Running Away From Rome (Part One)

Looking forward to leaving the sweltering heat and humidity of the 'Burgh and traveling to Maine later this week.  My friend Dolly hosts an annual lobster fest at her family home that I have been wanting to attend for years.  This year it looks like the stars have finally aligned and JB and I will get to go and eat lobster and sit on Dolly's front porch.  She grew up literally across the street from where the lobster fishermen keep their boats (or whatever the correct nautical term is) with a view of the Atlantic Ocean.  She once showed me a coffee table book by Walter Cronkite that had an aerial view of the house and her quaint Maine village.  How idyllic. 
The place I grew up in was a suburb of a steel mill town;  my childhood memories are of hearing slag trucks drive by as they carried the remnants of steel making to another suburb to form the foundation for a new shopping mall.  There was not a lot of physical beauty.  We would take occasional trips to county or state parks and vacations to Boston, where my dad lived just after he immigrated to the US.   On those trips, I caught a glimpse of what people who grow up in coastal areas experience. 
St.

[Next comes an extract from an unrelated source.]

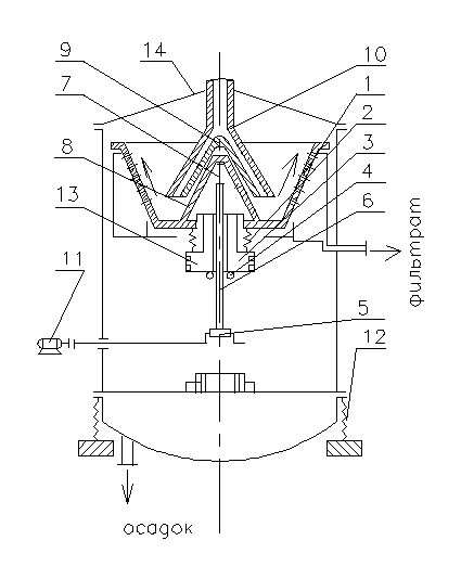 Вибрационная выгрузка осадка имеет ряд преимуществ: при регламентированном времени пребывания осадка в роторе обеспечивается отсутствие измельчения осадка, снижается износ сит, улучшается фильтрация из-за разрыхления осадка при вибротранспортировке. Основными недостатками являются сложность конструкции, пониженная надежность вследствие тяжелых условий работы амортизаторов. Таким образом, ротор, вращаясь, одновременно совершает осевые вибрации. Исходная суспензия поступает в ротор через зазор между внутренним конусом 9 и наружным конусом 10, что дает возможность равномерно распределить ее по всей окружности ротора. При этом внутренний конус защищает головку ротора от ударов кусков материала. Со дна ротора материал движется вдоль фильтрующей стенки центробежной силой. Отфуговываемая жидкость по трубе 13 выводится из центрифуги. Центрифуга закрыта кожухом 14 и имеет фундаментные амортизаторы 12. Осадок выбрасывается через верхний слой ротора и падает в днище кожуха.

Augustine is quoted as saying -- "The world is a book and those who do not travel read only a page."   I want to read many pages.  The book, "1,000 Places to See Before You Die: A Traveler's Life List" sits on a table in our family room. 

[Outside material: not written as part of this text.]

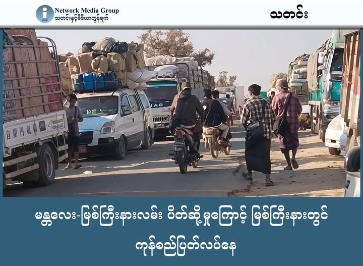 မန္တလေး-မြစ်ကြီးနားလမ်းပိုင်း ပိတ်ဆို့နေမှုကြောင့် မြစ်ကြီးနားတွင် ကြက်သားတစ်ပိဿာ ၄ သောင်းကျပ်အထိ စံချိန်တင်ဈေးတက်နေပြီး အခြေခံစားသောက်ကုန်များပါ ပြတ်လပ်နေပြီဟု မြို့ခံများက ပြောသည်။

This week I get to go somewhere new that is listed there, Acadia National Park.  Since Clare is spending the summer in Maine, we will get to spend time with her too.  She suggested places to stay, and encouraged us to look beyond the Marriotts, at least for a few nights.  And so we have compromised and I have B&B reservations for three nights.  She further recommended Camden, Maine as a place to stay.  B & B reservations can be a little diffcult to come by for three people during Maine's high season.  After some online searching and phone calling, I found myself in conversation with a woman speaking with an accent I could not easily identify.  At first I thought it odd, since I expected to hear that distinctive Maine pronunciation that Dolly first introduced me to and that I have since come to recognize on trips to Maine with Clare. 

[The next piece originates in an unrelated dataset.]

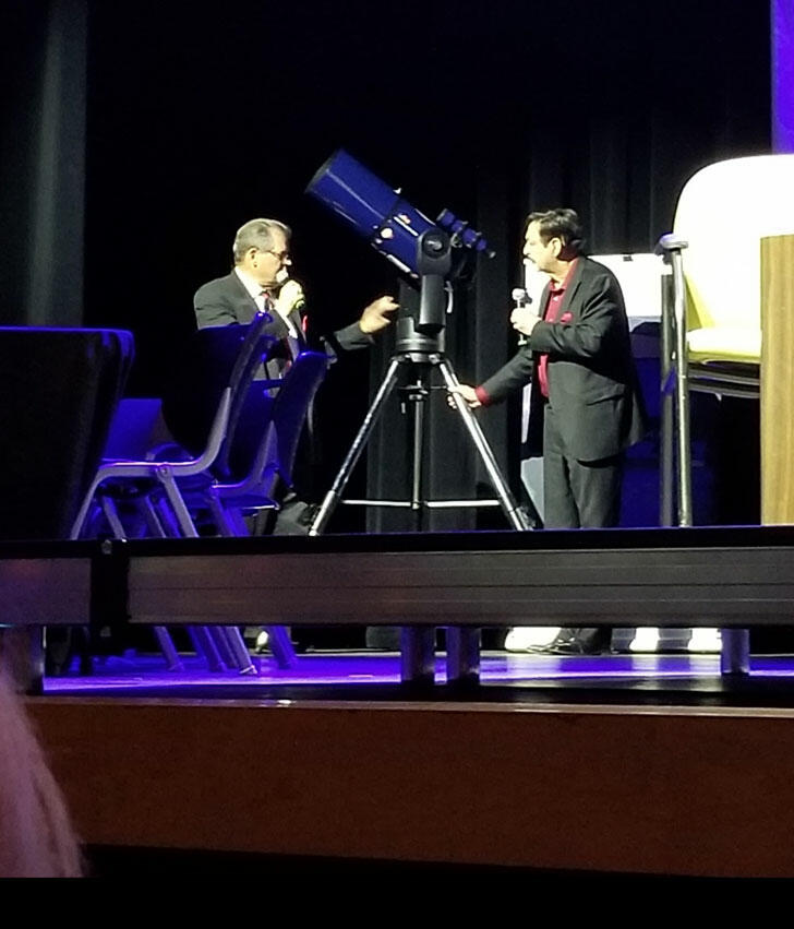 Astronomer Steve Kates "Dr. Sky" gives a demonstration of his telescope.

The B&B reservations person who happens to be the owner apologized for her difficulties and mentioned that she is Italian.  Italian??  How would an Italian end up running a B&B on the coast of Maine?  Through the joys of the Internet, I was able to read the story of an Italian couple's life in Rome, interest in US travel and decision to move to Maine.
It's pretty hard for me to understand how someone would want to leave Rome and relocate to a beautiful, yet seasonally challenging place like Maine (think sub-zero and snowed in for months on end).   
I am looking forward to meeting her and hope to post more soon about their travels and ours too.